START Data to examine

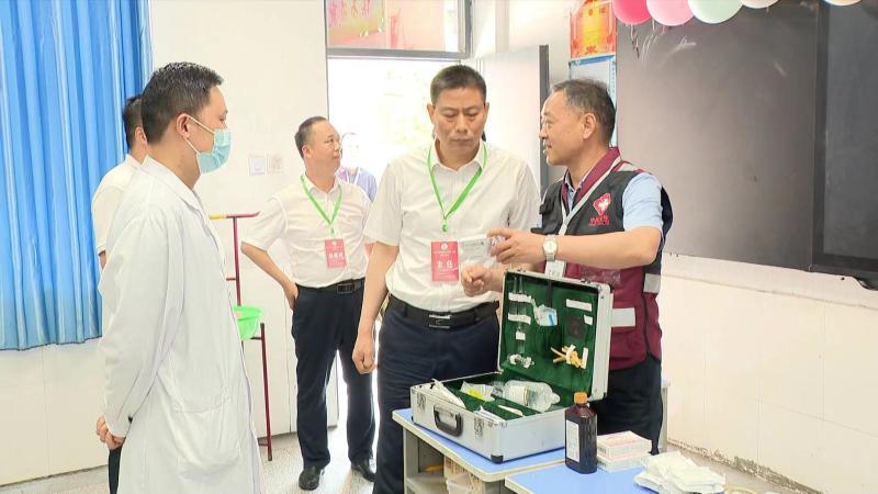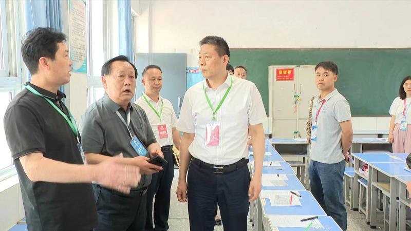 孙进一行现场巡视考点及周边环境状况,深入了解考场安排、安全保卫、医疗卫生等方面工作准备情况。
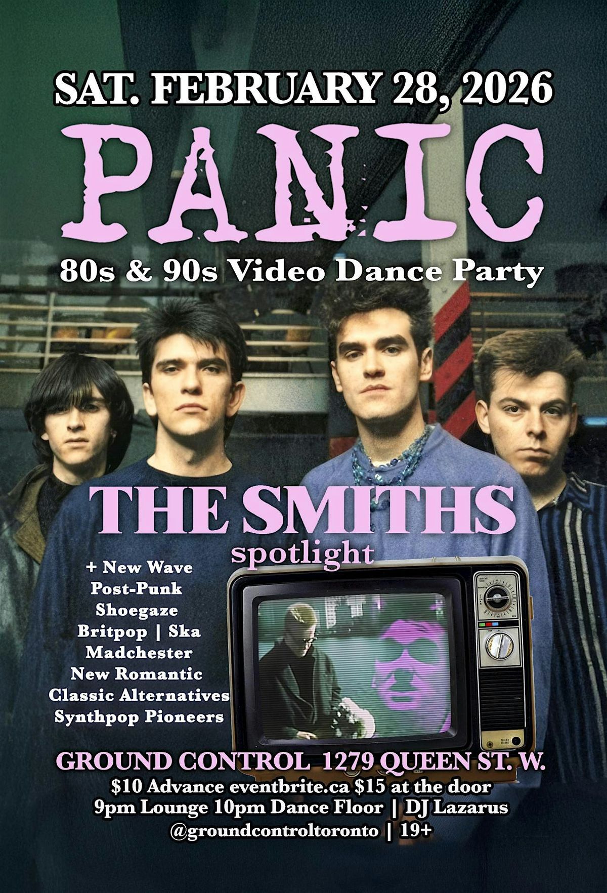 - **Event Description**: PANIC brings you the coolest music from the 80s and 90s plus a packed dance floor every month. February with have THE SMITHS Spotlight.About this EventLiving On Video + DJ Lazarus presentsSat Feb 28 - PANIC: 80s/90s Video Dance Party w/ THE SMITHS SpotlightADVANCED TIX $10: https://PANICsmithsspotlight.eventbrite.caPANIC is a brilliant evening of new wave, post-punk, classic alternatives, synth pioneers, britpop, shoegaze, madchester, new romantic, classic industrial, ska, and more.Join hundreds of your friends dancing to the coolest retro tunes at PANIC.Saturday February 28, 2026PANIC: 80s/90s Video Dance Party w/ THE SMITHS SpotlightGround Control - 1279 Queen St West - Toronto@groundcontroltorontoLounge 9pm - Mainroom 10pm 19+ eventAdv. Tix ONLY $10: https://PANICsmithsspotlight.eventbrite.ca$15 at the doorINVITE: www.facebook.com/events/906531455595436/(please INVITE your friends)----------SOCIAL:www.instagram.com/groundcontroltorontowww.facebook.com/livingonvideoclubwww.facebook.com/djlazarusrockswww.twitch.tv/livingonvideoclubwww.mixcloud.com/livingonvideowww.instagram.com/djlazarusrockswww.twitter.com/djlazarusrocks
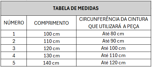 O cinto Cher é confeccionado em cinco tamanhos, conforme tabela a seguir:
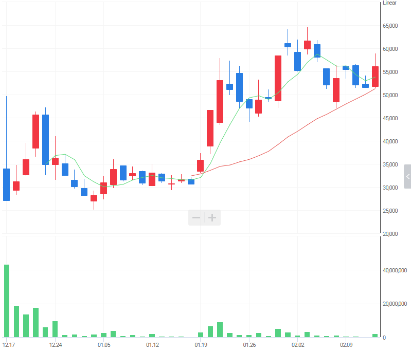 현재 주가는 상장 초기 과열 구간을 지나 안정적인 우상향 채널을 형성하고 있습니다. 공모가인 16,500원 대비 약 230% 이상 상승한 수치로, 시장은 이 회사의 성장 가치를 높게 평가하고 있습니다.
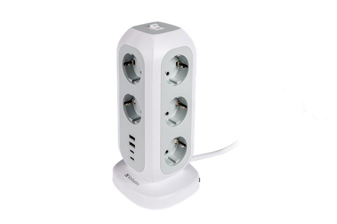 15-az-1-ben európai többcsatlakozós bővítő. A Verbatim EU Power Tower segítségével egy európai aljzatot 11 váltóáramú aljzatra, valamint két USB-C és két USB-A portra bővíthet.
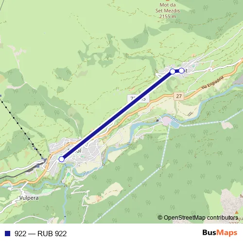 The first stop of the 922 bus route is Scuol, posta and the last stop is Sent, Plaz. 922 (RUB 922) is operational during le week-end.
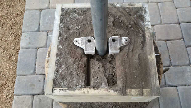 Una vez que las piezas originales han sido preparadas, llenar la parte inferior la mitad del molde con arena verde lleno. Luego cubrir las partes originales con talco y situado en la parte inferior la mitad del molde. Empuje las piezas con el eje 3/8" acero y apuntando hacia arriba. Pulse en la arena hasta que el árbol sólo se entierra. La parte superior de la mitad de la charnela de dirección, incluyendo la conexión de la barra de lazo, debe estar por encima de la arena. Deje suficiente espacio entre las dos partes para un tubo de 3/4" que creará el túnel de llenado.
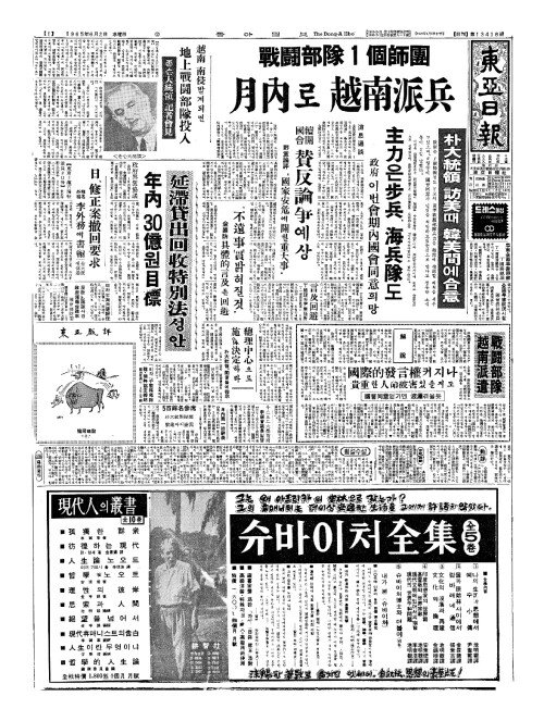 - 戰鬪部隊(전투부대)1個師團(개사단) 月內(월내)로 越南派兵(월남파병)
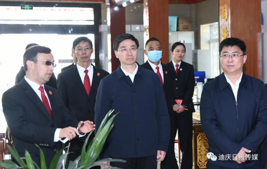迪慶州委常委、州委政法委書記楊學(xué)文陪同調(diào)研。迪慶州法院院長張宇、州檢察院檢察長趙成武分別陪同調(diào)研。
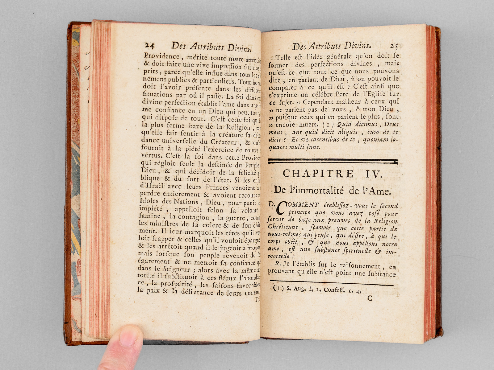 1 vol. in-12 reliure de l'époque pleine basane mouchetée, Chez Babuty fils, Brocas, Humblot, Paris, 1760, XXIV-264 pp. Rappel du titre complet : Les Principes Fondamentaux de la Religion, ou le Catéchisme de l'âge Mûr. Méthode courte & à la portée de tous les Fidèles... & qui désirent se rendre raison des motifs de leur Foi
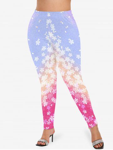 Graphic Leggings > Plus Size Floral Ombre Striped Colorblock Print Skinny Leggings
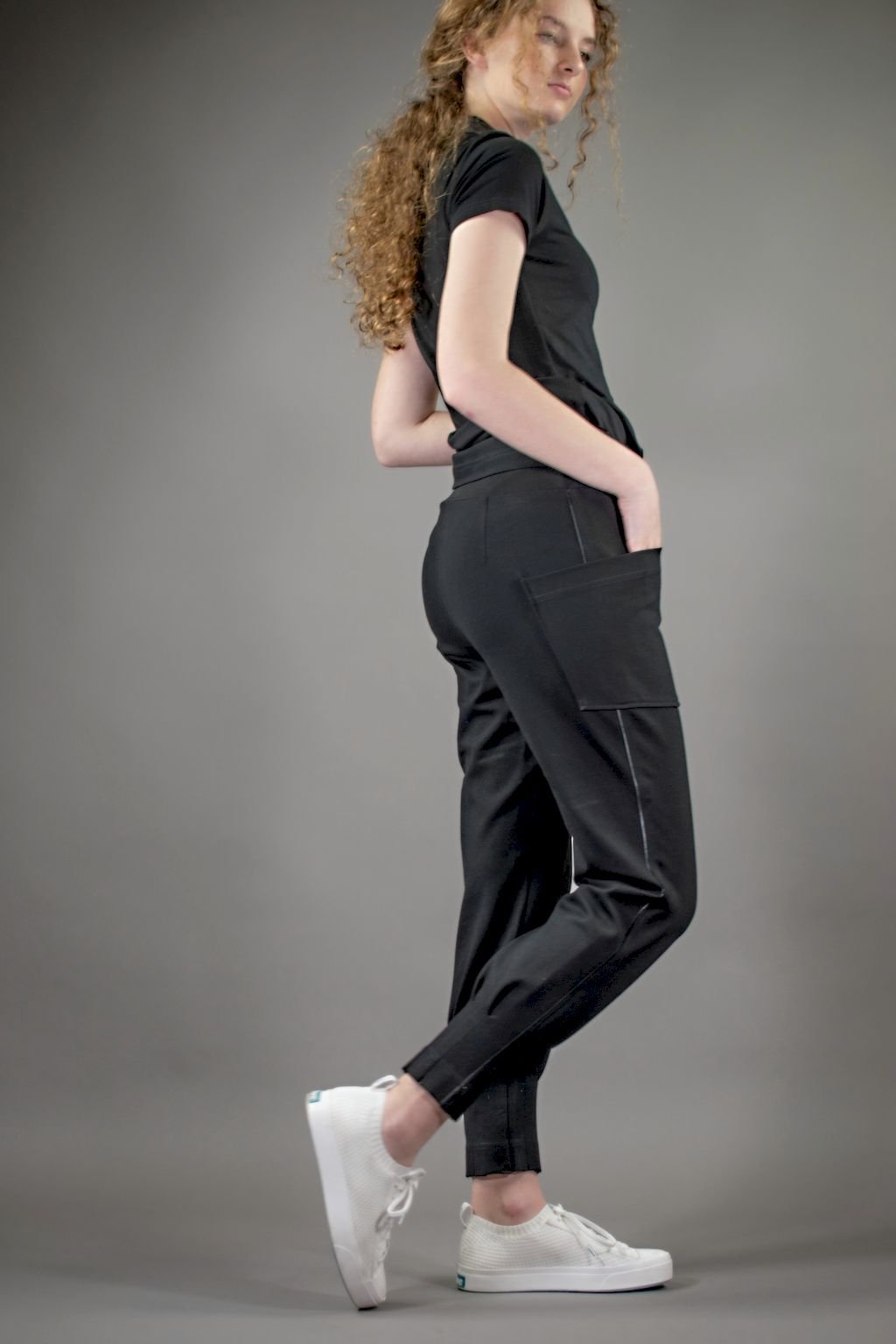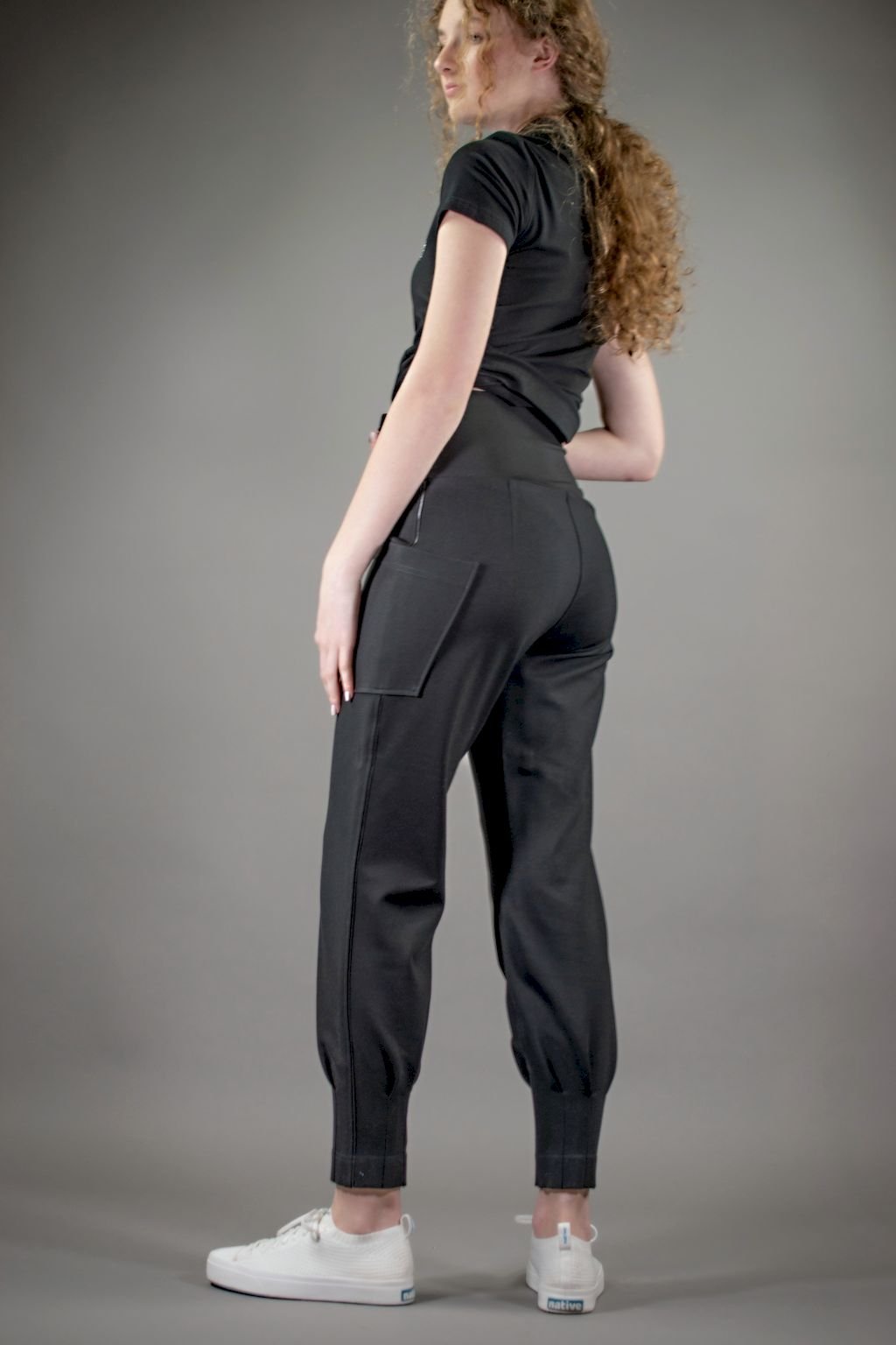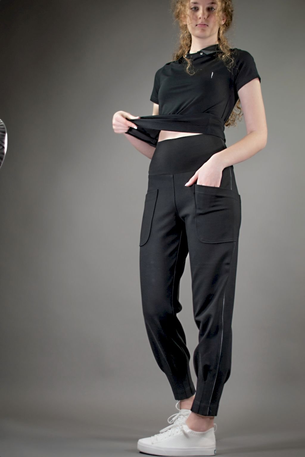 KALHOTY ČERNÉ PRUŽNÝ PAS VELKÉ KAPSY SÁMKOVÁ MANŽETA

END Data to examine

> Problem to solve:
Leaving every picture aside, reproduce exactly the lines above from the one with "Una vez que" up to and including the one with "Graphic Leggings >", and no others.

> Reply:
 Una vez que las piezas originales han sido preparadas, llenar la parte inferior la mitad del molde con arena verde lleno. Luego cubrir las partes originales con talco y situado en la parte inferior la mitad del molde. Empuje las piezas con el eje 3/8" acero y apuntando hacia arriba. Pulse en la arena hasta que el árbol sólo se entierra. La parte superior de la mitad de la charnela de dirección, incluyendo la conexión de la barra de lazo, debe estar por encima de la arena. Deje suficiente espacio entre las dos partes para un tubo de 3/4" que creará el túnel de llenado.
 - 戰鬪部隊(전투부대)1個師團(개사단) 月內(월내)로 越南派兵(월남파병)
迪慶州委常委、州委政法委書記楊學(xué)文陪同調(diào)研。迪慶州法院院長張宇、州檢察院檢察長趙成武分別陪同調(diào)研。
 1 vol. in-12 reliure de l'époque pleine basane mouchetée, Chez Babuty fils, Brocas, Humblot, Paris, 1760, XXIV-264 pp. Rappel du titre complet : Les Principes Fondamentaux de la Religion, ou le Catéchisme de l'âge Mûr. Méthode courte & à la portée de tous les Fidèles... & qui désirent se rendre raison des motifs de leur Foi
 Graphic Leggings > Plus Size Floral Ombre Striped Colorblock Print Skinny Leggings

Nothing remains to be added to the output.